Supplied records —
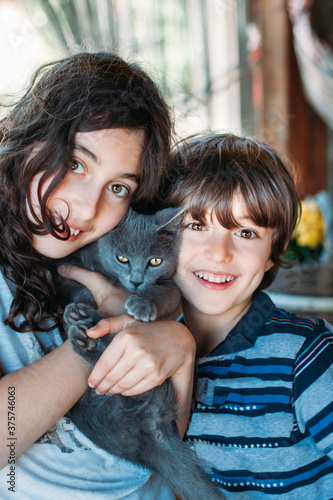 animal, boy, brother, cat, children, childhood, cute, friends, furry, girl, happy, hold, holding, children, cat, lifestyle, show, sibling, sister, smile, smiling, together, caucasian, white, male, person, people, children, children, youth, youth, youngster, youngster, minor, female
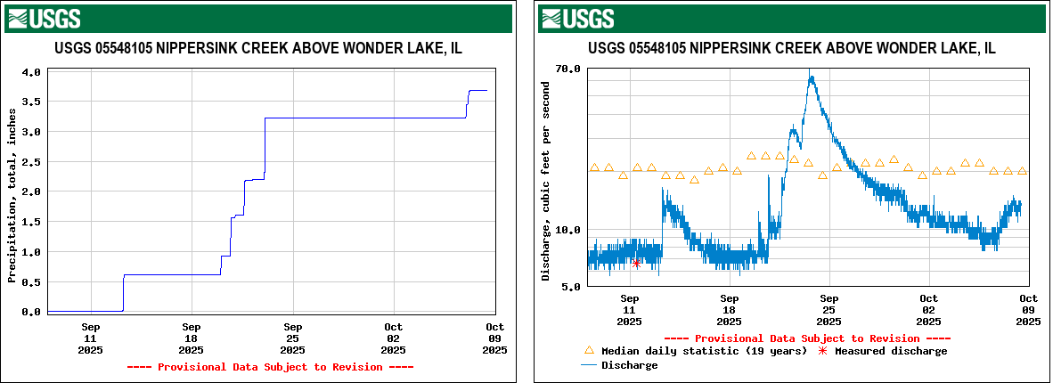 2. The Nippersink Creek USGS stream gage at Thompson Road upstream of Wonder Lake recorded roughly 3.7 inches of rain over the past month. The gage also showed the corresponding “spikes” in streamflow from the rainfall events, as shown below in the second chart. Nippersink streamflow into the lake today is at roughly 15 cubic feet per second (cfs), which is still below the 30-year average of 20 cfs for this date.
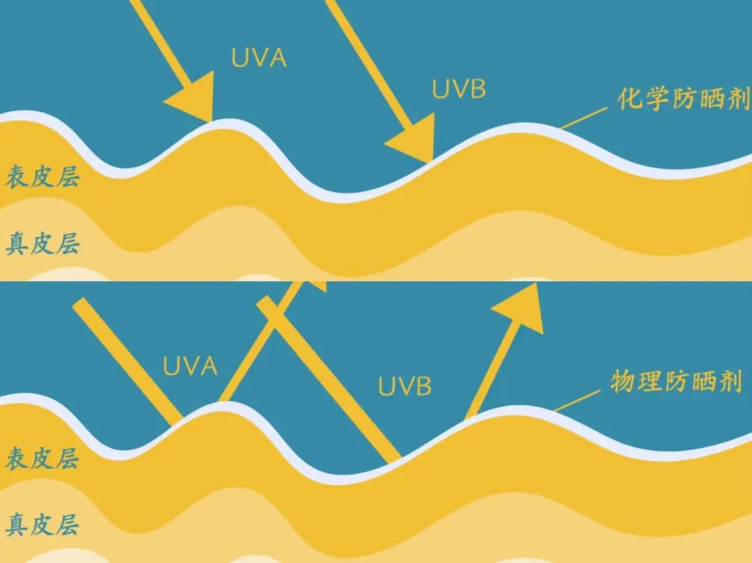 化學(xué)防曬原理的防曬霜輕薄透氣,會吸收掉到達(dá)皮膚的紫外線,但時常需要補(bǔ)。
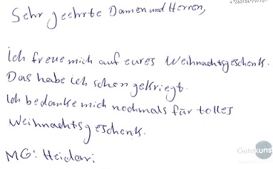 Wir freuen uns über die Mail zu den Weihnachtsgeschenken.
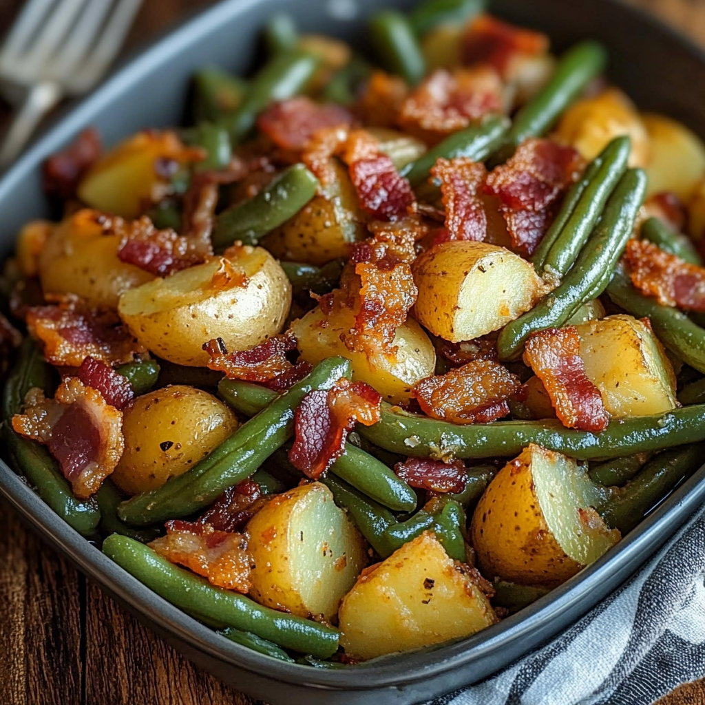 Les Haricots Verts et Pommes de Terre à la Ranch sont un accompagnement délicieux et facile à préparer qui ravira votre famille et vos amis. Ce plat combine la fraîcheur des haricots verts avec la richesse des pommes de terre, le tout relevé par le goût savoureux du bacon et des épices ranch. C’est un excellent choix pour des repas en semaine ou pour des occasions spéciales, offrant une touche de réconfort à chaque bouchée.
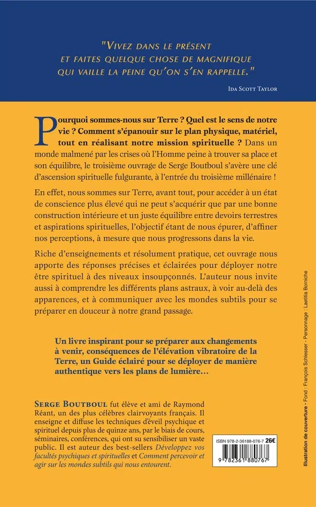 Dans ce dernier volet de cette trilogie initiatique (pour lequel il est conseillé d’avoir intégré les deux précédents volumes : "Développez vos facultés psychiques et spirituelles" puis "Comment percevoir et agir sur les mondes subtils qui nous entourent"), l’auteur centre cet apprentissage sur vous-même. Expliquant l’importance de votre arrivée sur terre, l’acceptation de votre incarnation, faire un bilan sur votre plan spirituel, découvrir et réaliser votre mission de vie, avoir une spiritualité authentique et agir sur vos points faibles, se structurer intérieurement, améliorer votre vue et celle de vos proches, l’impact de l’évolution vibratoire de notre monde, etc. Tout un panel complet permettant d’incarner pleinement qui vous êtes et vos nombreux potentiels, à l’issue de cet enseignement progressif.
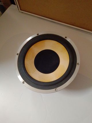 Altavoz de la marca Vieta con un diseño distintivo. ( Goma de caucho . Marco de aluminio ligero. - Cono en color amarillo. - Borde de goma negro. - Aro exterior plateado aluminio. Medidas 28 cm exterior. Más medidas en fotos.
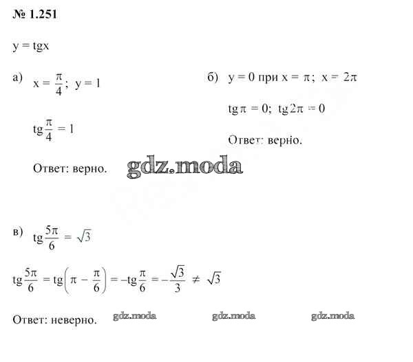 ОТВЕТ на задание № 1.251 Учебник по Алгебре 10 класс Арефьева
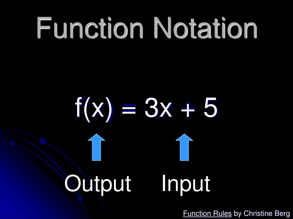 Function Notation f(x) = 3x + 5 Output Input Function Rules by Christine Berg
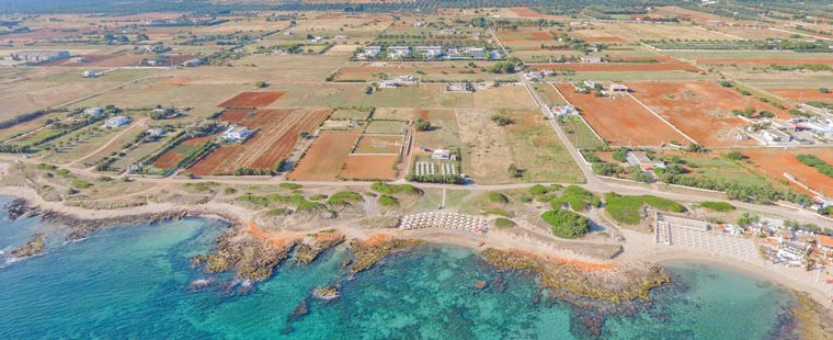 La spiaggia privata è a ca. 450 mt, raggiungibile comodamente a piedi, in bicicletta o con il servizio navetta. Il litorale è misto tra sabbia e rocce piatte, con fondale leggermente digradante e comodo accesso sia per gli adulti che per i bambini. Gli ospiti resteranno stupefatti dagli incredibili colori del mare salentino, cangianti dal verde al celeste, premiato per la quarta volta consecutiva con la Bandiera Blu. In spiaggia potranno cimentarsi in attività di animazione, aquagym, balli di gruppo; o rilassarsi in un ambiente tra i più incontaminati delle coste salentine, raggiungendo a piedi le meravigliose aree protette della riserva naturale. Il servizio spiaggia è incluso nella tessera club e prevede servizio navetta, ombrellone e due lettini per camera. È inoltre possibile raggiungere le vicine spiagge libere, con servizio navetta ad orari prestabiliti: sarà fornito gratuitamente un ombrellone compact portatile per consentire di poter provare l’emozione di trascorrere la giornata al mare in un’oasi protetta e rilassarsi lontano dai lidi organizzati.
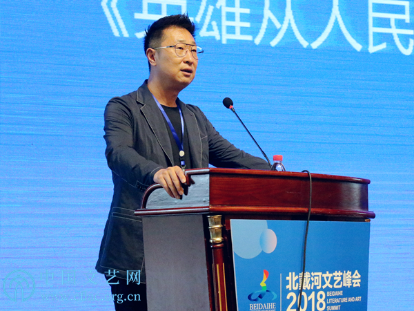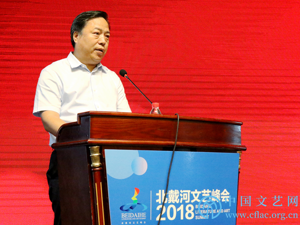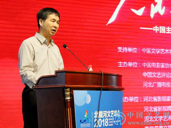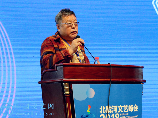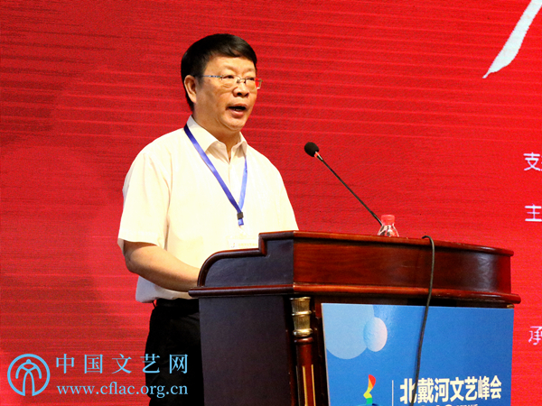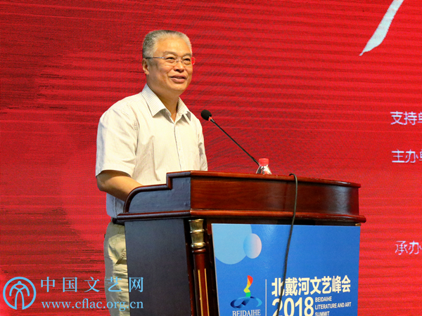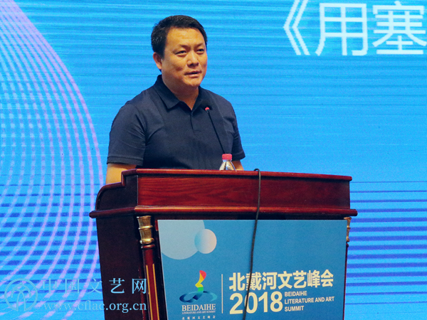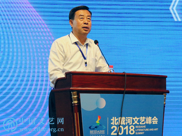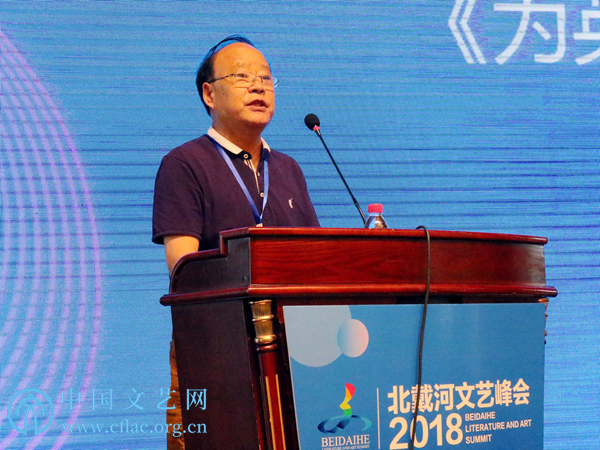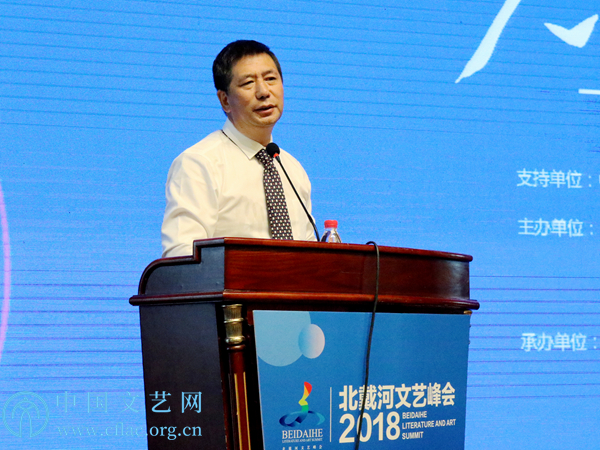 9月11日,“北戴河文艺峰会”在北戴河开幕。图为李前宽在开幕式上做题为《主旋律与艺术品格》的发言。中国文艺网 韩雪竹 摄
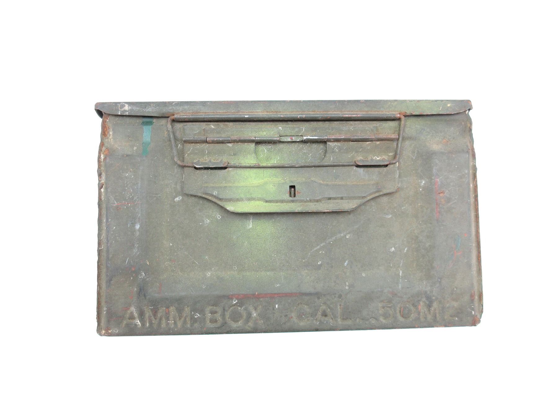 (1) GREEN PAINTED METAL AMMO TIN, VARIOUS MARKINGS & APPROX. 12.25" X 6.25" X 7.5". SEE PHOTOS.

Action item — Using the records above, return word for word the lines that begin at the one containing "ОТВЕТ на задание" and end at the one containing "Function Notation f(x)", both of them included and no pictures.

Response —
 ОТВЕТ на задание № 1.251 Учебник по Алгебре 10 класс Арефьева
 Function Notation f(x) = 3x + 5 Output Input Function Rules by Christine Berg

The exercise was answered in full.